Output must consist only of the lines of the material below from the one with "넷마블은 30일 나혼자만" through the one with "L'une des très", each reproduced exactly; no pictures belong in it.

┌──

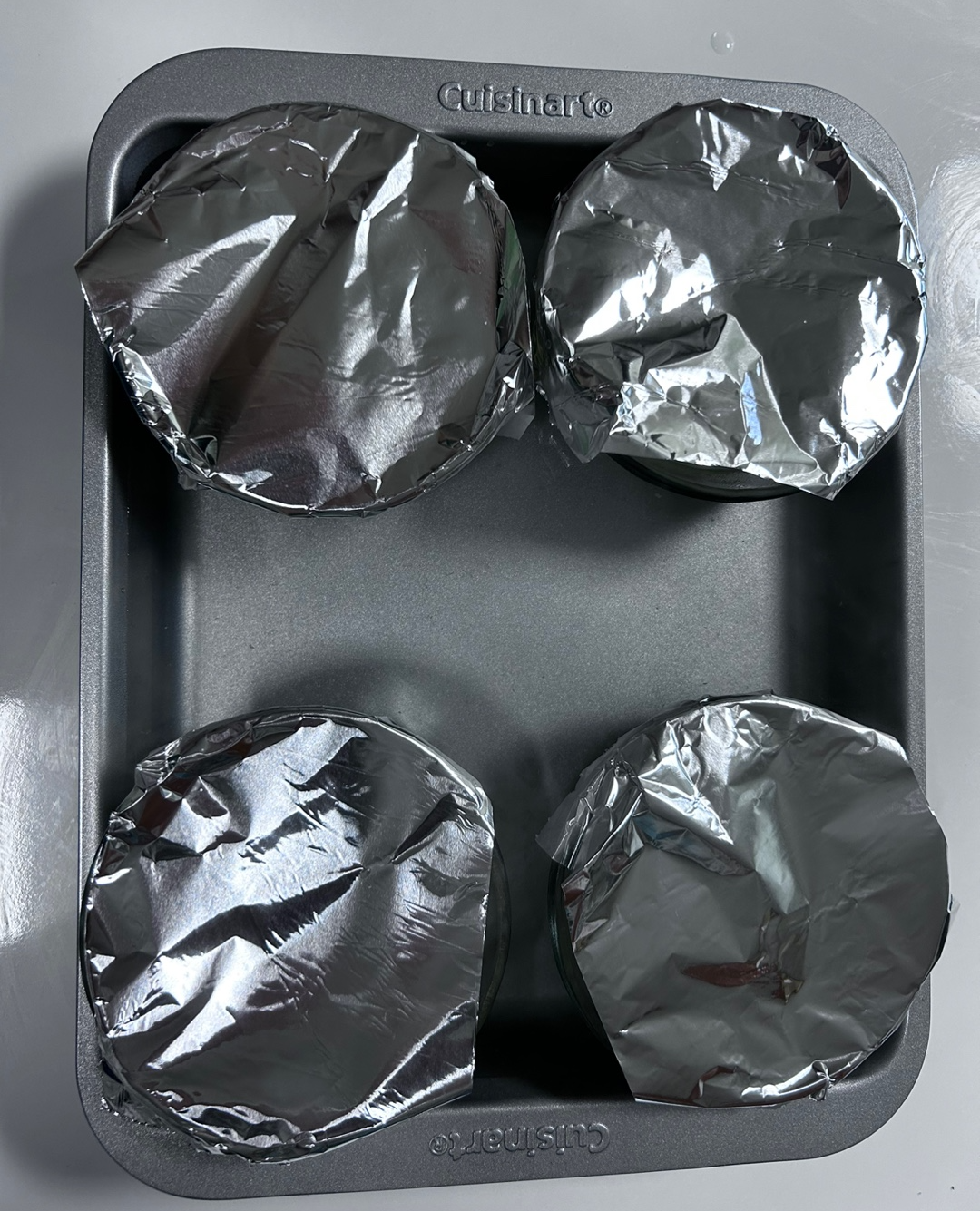 8. 알루미늄 포일로 컵들을 덮어씌워줍니다 (열선과 너무 가까우면 표면이 탈 수 있습니다). 그리고 중탕을 하기 위해서 다음과 같이 끓는 물을 부어줍니다.
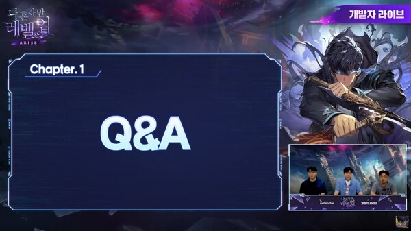 넷마블은 30일 나혼자만 레벨업 어라이즈(이하 나혼렙 어라이즈)의 개발자 라이브 방송을 진행했다. 정인호 캐스터가 진행을 맡고, 진성건 개발 총괄 PD와 이다행 사업본부장이 출연해 31일 진행될 업데이트를 소개하고 유저들의 궁금증을 해소했다.
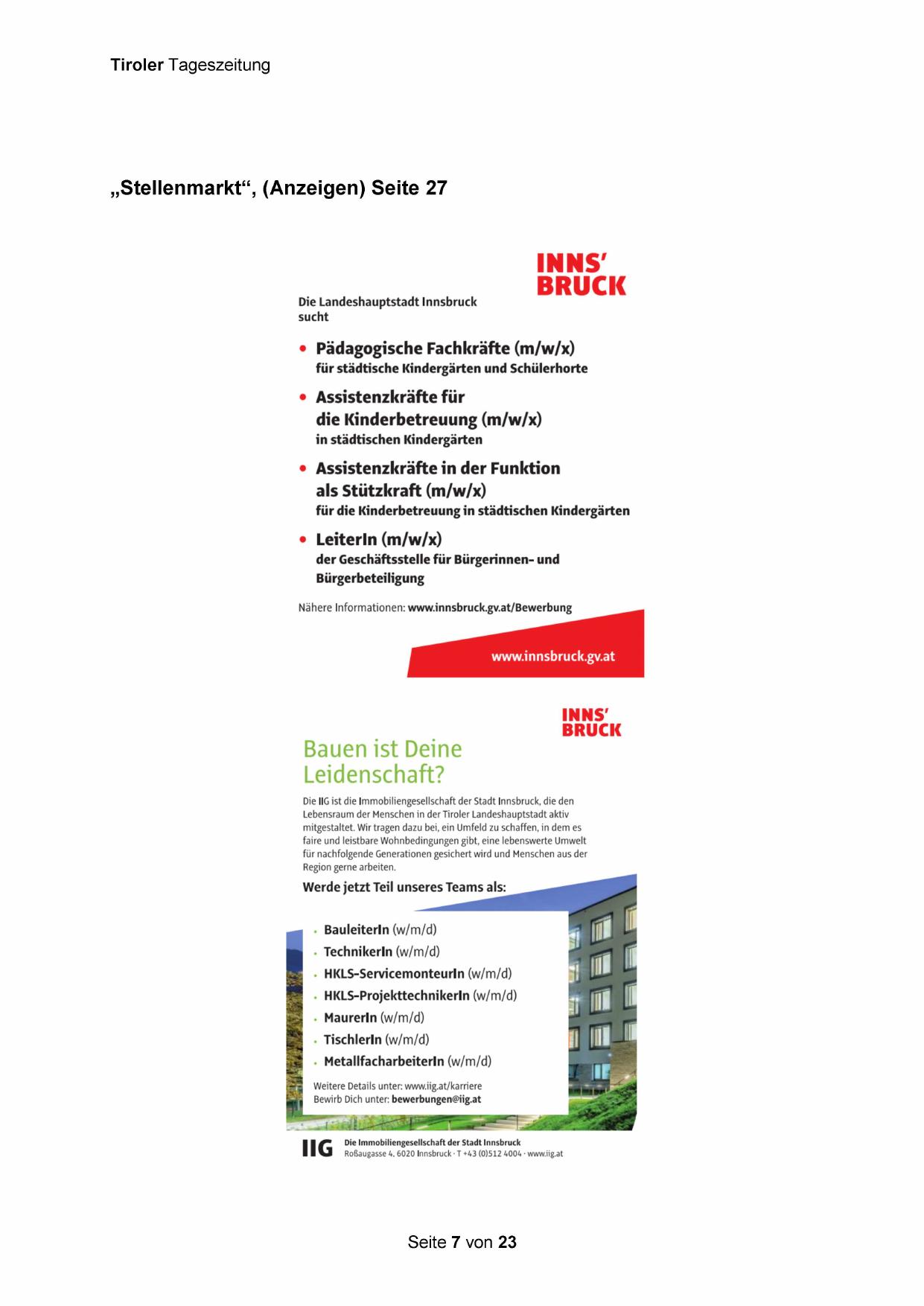 Nähere Informationen: www.innsbruck.gv.at/Bewerbung
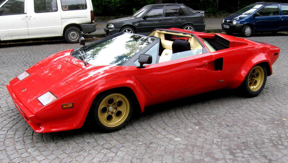 L'une des très rares photos d'époque de la Countach LP400 Spider. Notez les vitres "roadster" allégées de leur partie supérieure.
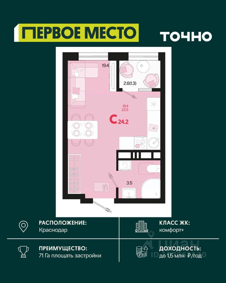 Жилой район "Первое место"- один из самых масштабных проектов в России. На территории 71 га 18 кварталов, 31 дом переменной этажности от 8 до 18 этажей, собственный парк 9 га, храмовый комплекс, пешеходный бульвар "Круг семьи", детские и спортивные площадки, мангальные зоны и различные локации для отдыха. В шаговой доступности действующие муниципальные образовательные учреждения: школа на 1 100 мест и детский сад на 250 мест. Помимо этого, в жилом районе "Первое место" построятся школа на 1700 мест с крытым 25-метровым бассейном и 5 детских садов на 1 490 мест. На первых этажах многоуровневых парковок "паркхабов" разместится более 61 тыс м2 коммерческих помещений. Жителям будут доступны собственный фитнес-центр, кафе, рестораны и магазины. В каждом подъезде предусмотрены дизайнерские холлы в стиле лобби отелей, консьерж-сервис, лапомойки, отдельные колясочные и велосипедные. Также в домах будут просторные кладовые помещения и комнаты для хранения почты с почтоматами для получения посылок из маркетплейсов.
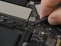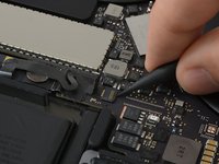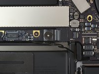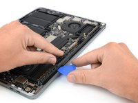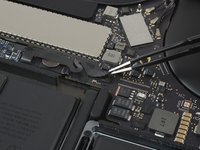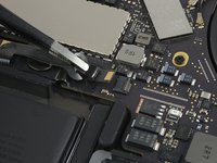 Carefully peel up the large piece of tape covering the battery connector, on the edge of the logic board nearest the battery.
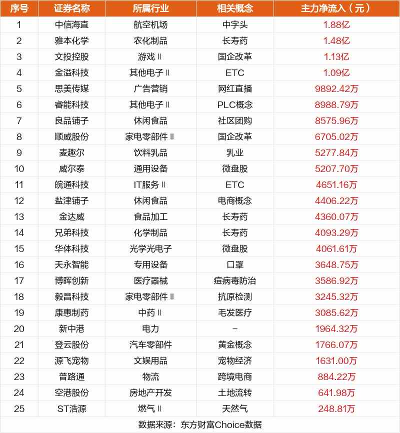 非連板個(gè)股方面,中信海直、雅本化學(xué)、文投控股主力資金凈流入居前。
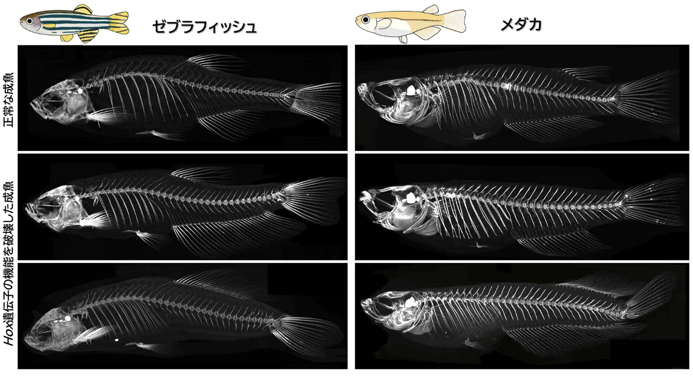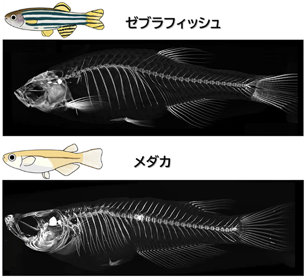 埼玉大学大学院・理工学研究科・生体制御学プログラム 川村哲規 准教授と安達うらら 大学院生(令和5年度博士前期課程修了)を中心とするグループは、宇都宮大学・バイオサイエンス教育研究センター 松田 勝 教授、岩波礼将 特任准教授、情報・システム研究機構 国立遺伝学研究所 川上浩一 教授、前野哲輝 技術専門職員、埼玉大学・理工学研究科 古舘宏之 助教らと共同で、魚のヒレの形成される位置がHox(ホックス)遺伝子によって制御されていることを初めて明らかにしました。この成果により、Hox遺伝子の働く場所が魚の種類によって異なることで、バラエティーに富んだヒレが生み出されることが示唆されました。つまり、多様なヒレの位置やヒレの幅の違いは、Hox遺伝子からなるシステムを一部、変化させることで生じていることが分かりました。さらに、本研究から、進化の過程で、魚のヒレの形成位置が変化してきた仕組みについて、新たなモデルが提唱されました。

└──

_Exercise response_:
 넷마블은 30일 나혼자만 레벨업 어라이즈(이하 나혼렙 어라이즈)의 개발자 라이브 방송을 진행했다. 정인호 캐스터가 진행을 맡고, 진성건 개발 총괄 PD와 이다행 사업본부장이 출연해 31일 진행될 업데이트를 소개하고 유저들의 궁금증을 해소했다.
 Nähere Informationen: www.innsbruck.gv.at/Bewerbung
 L'une des très rares photos d'époque de la Countach LP400 Spider. Notez les vitres "roadster" allégées de leur partie supérieure.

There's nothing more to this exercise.